(Beginning of Provided data)

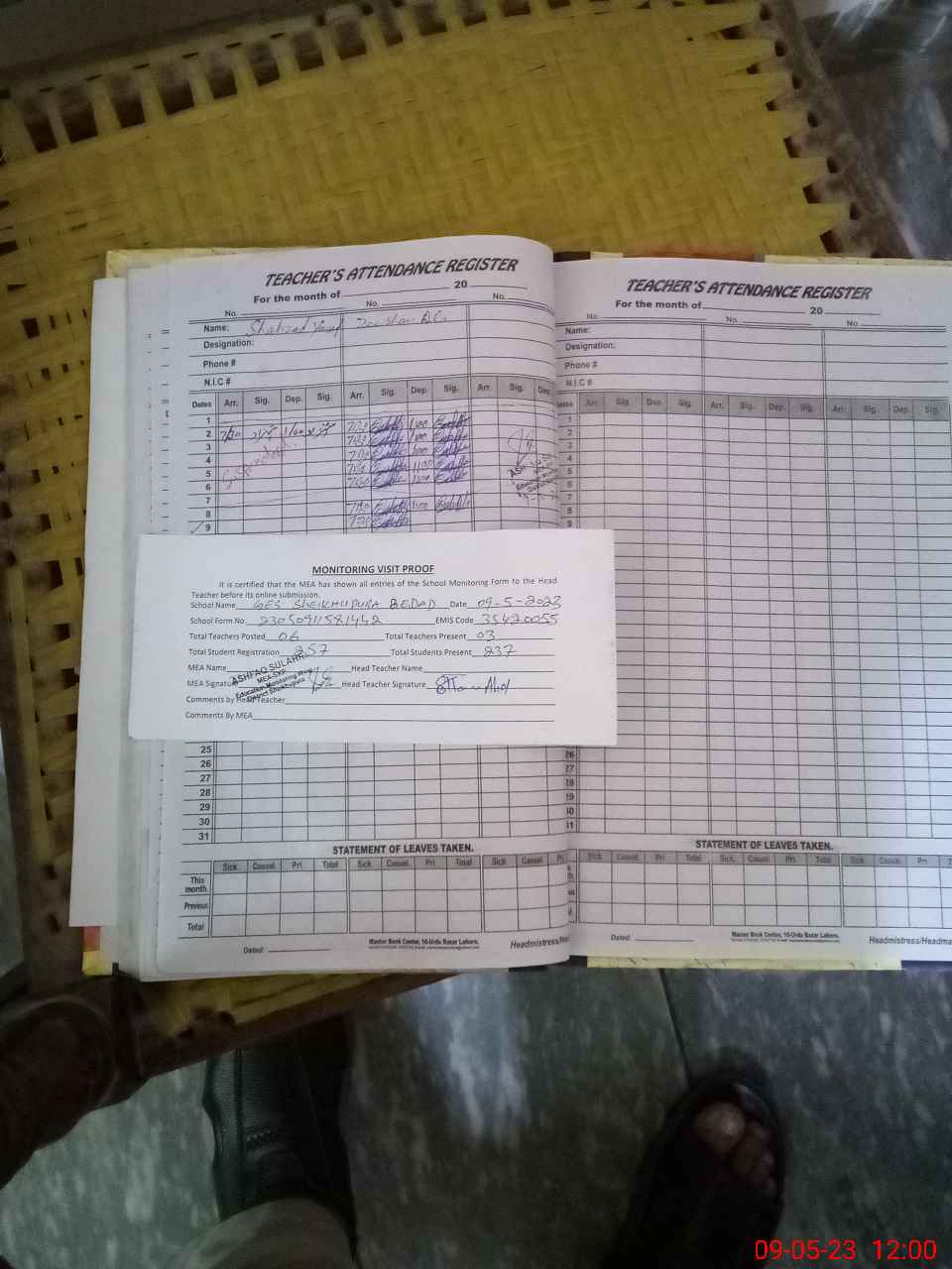 | Attendance Register | Head Teacher | MEA with School | Visit Proof |
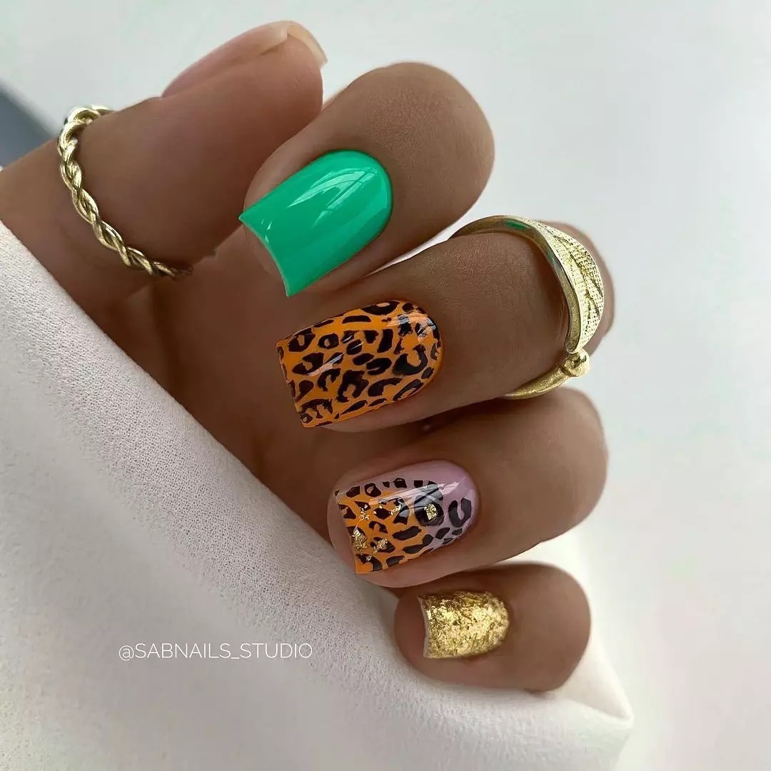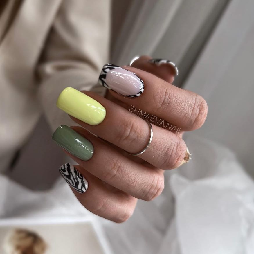 Звериный принт может, не самое очевидное сочетание, но выглядит очень эффектно. Особенно стильным является сочетание неонового салатово фона и черных леопардовых пятнышек. А вот сочетание реалистичного животного принта в коричнево-бежево-желтых тонах и зеленого лака не самая удачная затея, если вы не поклонница китча.
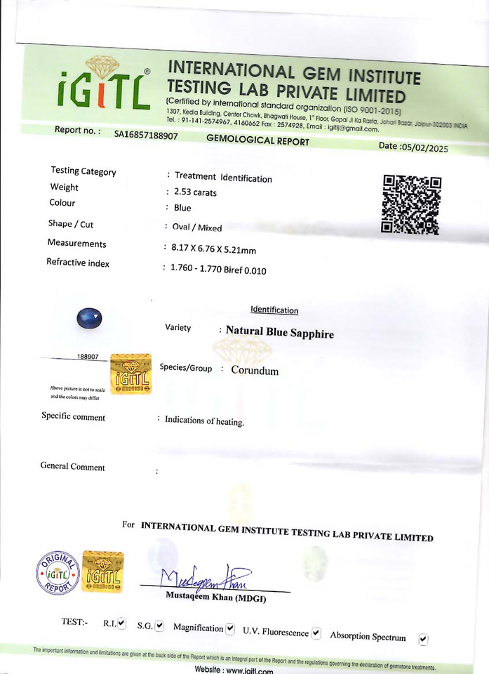 ชื่อ:พลอยแซฟไฟร์ธรรมชาติ
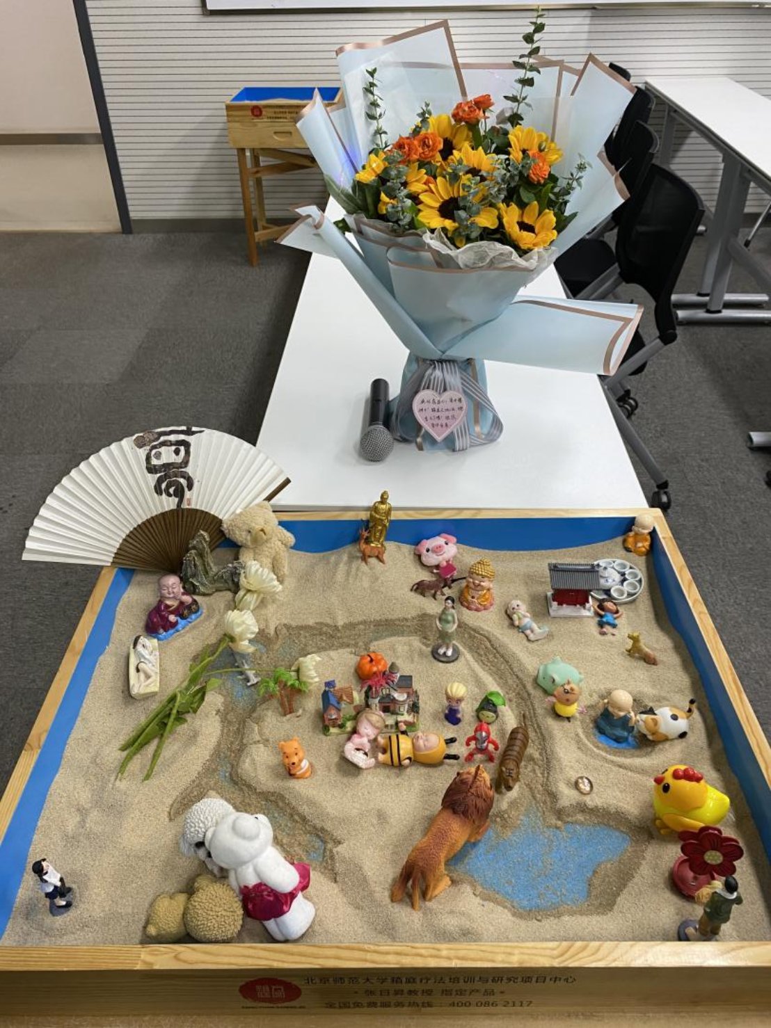 三天的课程内容饱满,体验充实,参课老师们表达了在本次课程中有收获、有触动、有成长。临近结束时,张老师与全体参课老师共同完成了一个团体箱庭作品,大家依次将自己选定好的玩具放入沙箱,构成了我们的箱庭世界,一期一会!
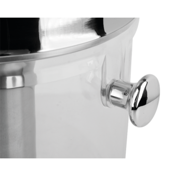 Der Saftbehälter selbst besteht aus strapazierfähigem Polycarbonat, das sich durch eine sehr hohe Schlagfestigkeit auszeichnet und extrem leicht zu reinigen ist. Darüber hinaus befindet sich im Inneren des Behälters ein spezielles Eisrohr, das eine effektive zusätzliche Kühlung der servierten Getränke ermöglicht und deren ideale Temperatur aufrechterhält.
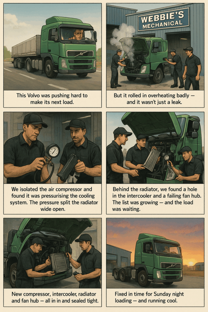 At first glance, it looked like a cooling system fault. But once our team got into it, we found something more serious: the air compressor was pressurising the coolant system, and it had built up so much force that it actually split the radiator open.
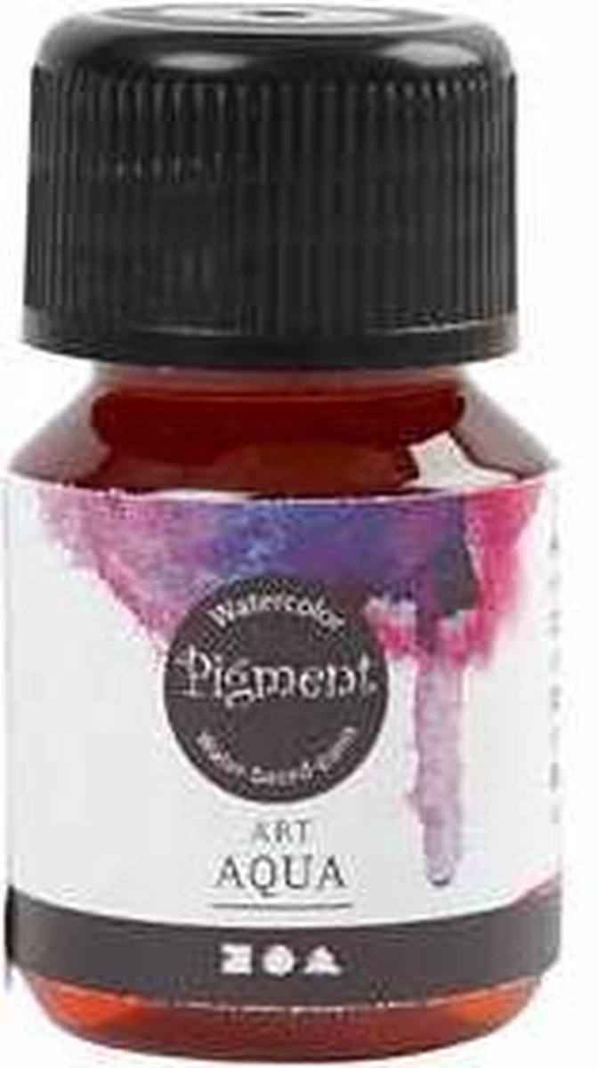 Art Aqua Pigment is een vloeibare, transparante aquarelverf van goede kwaliteit. De kleuren zijn onderling te mengen en kunnen verdund worden met water. Geschikt voor allerlei soorten kunst - kwasten schoon maken met water .

(End of Provided data)

◆ **Work request**
Pictures are to be dropped, and the lines from the line with "Звериный принт может, не" through the end of the material above are to be reproduced exactly.

◆ **Solution to this problem**
 Звериный принт может, не самое очевидное сочетание, но выглядит очень эффектно. Особенно стильным является сочетание неонового салатово фона и черных леопардовых пятнышек. А вот сочетание реалистичного животного принта в коричнево-бежево-желтых тонах и зеленого лака не самая удачная затея, если вы не поклонница китча.
 ชื่อ:พลอยแซฟไฟร์ธรรมชาติ
 三天的课程内容饱满,体验充实,参课老师们表达了在本次课程中有收获、有触动、有成长。临近结束时,张老师与全体参课老师共同完成了一个团体箱庭作品,大家依次将自己选定好的玩具放入沙箱,构成了我们的箱庭世界,一期一会!
 Der Saftbehälter selbst besteht aus strapazierfähigem Polycarbonat, das sich durch eine sehr hohe Schlagfestigkeit auszeichnet und extrem leicht zu reinigen ist. Darüber hinaus befindet sich im Inneren des Behälters ein spezielles Eisrohr, das eine effektive zusätzliche Kühlung der servierten Getränke ermöglicht und deren ideale Temperatur aufrechterhält.
 At first glance, it looked like a cooling system fault. But once our team got into it, we found something more serious: the air compressor was pressurising the coolant system, and it had built up so much force that it actually split the radiator open.
 Art Aqua Pigment is een vloeibare, transparante aquarelverf van goede kwaliteit. De kleuren zijn onderling te mengen en kunnen verdund worden met water. Geschikt voor allerlei soorten kunst - kwasten schoon maken met water .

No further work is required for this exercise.